第44章 腐敗したエッセンス
グー・ジンシウはグー・アーからのニュースを受け取って、口角が上がっちゃった。もう、やり始めるしかないってこと?
京都のみんなはなんか変だって感じてる。アイ・ジェは新作発表会で親戚探ししなきゃいけないのに、なんでグーはまだ動かないんだろ?今年はマジで騒がしいな!
この時点で、アイ・ジェの新作発表会まであと1日。すべてがいい感じに進んでるみたい。そりゃチウ・チンも待ちきれないよね…。
でもさ、本当にソン・ムーを狙いたいってこと?
生意気だ。
グー・ジンシウとソン・ムーはもうすでに平南館に戻ってる。アーロン家の旧邸は遠いし、そっちの平和を乱したくないから、ここで済ませることにしたんだ。
ソン・ムーはソファーに座ってテレビ見て、おやつ食べてるんだけど、頭の中はグー・ジンシウが言ってたこと考えてた。今夜、誰かが平南館に来るんだって。

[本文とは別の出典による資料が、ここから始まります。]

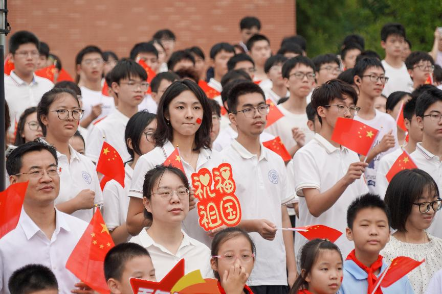 最后,计算机学院教师徐彰、会计学院教师刘智、卓越学院学生许宸恺、网络空间安全学院学生蒋婕妤、圣光机学院学生黄然、机械工程学院学生张颢泽、新疆学生代表以及在场师生共同唱响《我和我的祖国》,熟悉旋律将仪式氛围推向高潮,滚烫的爱国情怀在歌声中传递。

グー・ジンシウは誰が来るかは言わなかったけど、招待されてない人だろうね。
夜になると、夜風が吹いてきて、胸の奥がどうしようもなくドキドキする。まるで今のソン・ムーみたいに。
書斎で、ソン・ムーはグー・ジンシウの隣に座って、目の前にある筆写用紙の山を見て、思わず顔が引きつった。「…」
誰かが来るの待ってるんじゃないの?なんで習字しなきゃいけないの?!
グー・ジンシウは、誰も逆らえないようなプレッシャーをかけて、陰門村での一件で勉強を遅らせてた。もう大人になったんだから、こういうのはちゃんとやらないと。
グー・ジンシウはビジネスの天才だから、知識にはすごく敬意を払ってる。そうでなければ、ビジネス界の古狐たちに何度もハメられることなんてなかっただろうに。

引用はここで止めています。